Shares of Mattel (MAT +0.68%) plunged on Wednesday after the toy manufacturer's fourth-quarter earnings fell short of investors' expectations.
By the close of trading, Mattel's stock price was down 25%.
Even toymakers have to pay tariffs. Image source: Getty Images.
Declining margins
Mattel's net sales rose 7% year over year to $1.8 billion. The gains were driven by growth in the company's Hot Wheels and action figure categories.
However, higher tariff-related costs dented Mattel's profitability. The toy seller found it challenging to pass on those costs to cash-strapped consumers via price hikes.

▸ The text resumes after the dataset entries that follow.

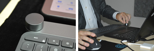 最大の特徴はキーボード左上部に搭載した「CROWN(クラウン)」と呼ばれるクリエイティブ入力ダイヤルだ。ダイヤルを回す方向や回転速度で、クリエイティブ系やオフィス系など、10種類以上の対応ソフトを操作することができる。
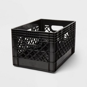 24qt Heavy Duty Stackable Storage Crate - Brightroom™: Black Plastic Utility Bin with Built-In Handles
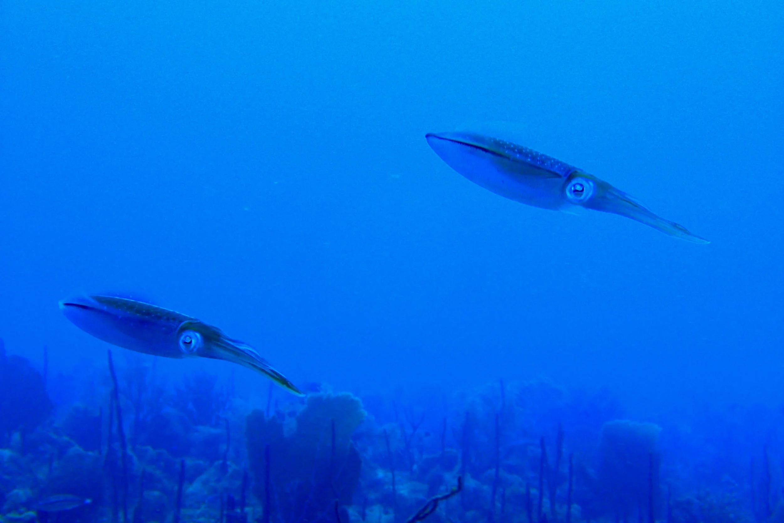 The only time I ever encountered squid was at night while snorkeling in the Florida Keys. And that was only one squid that was quite far away from me when I saw it.

Worse still, the uncertainty surrounding the implementation and timing of tariffs disrupted Mattel's ordering processes. That made proper inventory management more difficult, which ultimately forced Mattel to offer discounts to clear excess inventory.
These factors drove a 4.8 percentage point decline in Mattel's gross margin to 45.9%.

NASDAQ: MAT
Key Data Points
All told, Mattel's net income decreased by $35 million to $106 million.
Moreover, the company's adjusted earnings per share of $0.39 came in well below Wall Street's estimates. Analysts had expected per-share profits of $0.55.
A concerning forecast
Looking ahead, Mattel expects sales growth of 3% to 6% in 2026. Yet management warned that the company's adjusted earnings per share could fall as much as 16%.
"We are making strategic investments that will impact the bottom line this year but are intended to accelerate growth in top and bottom lines in 2027 and beyond," CEO Ynon Kreiz said.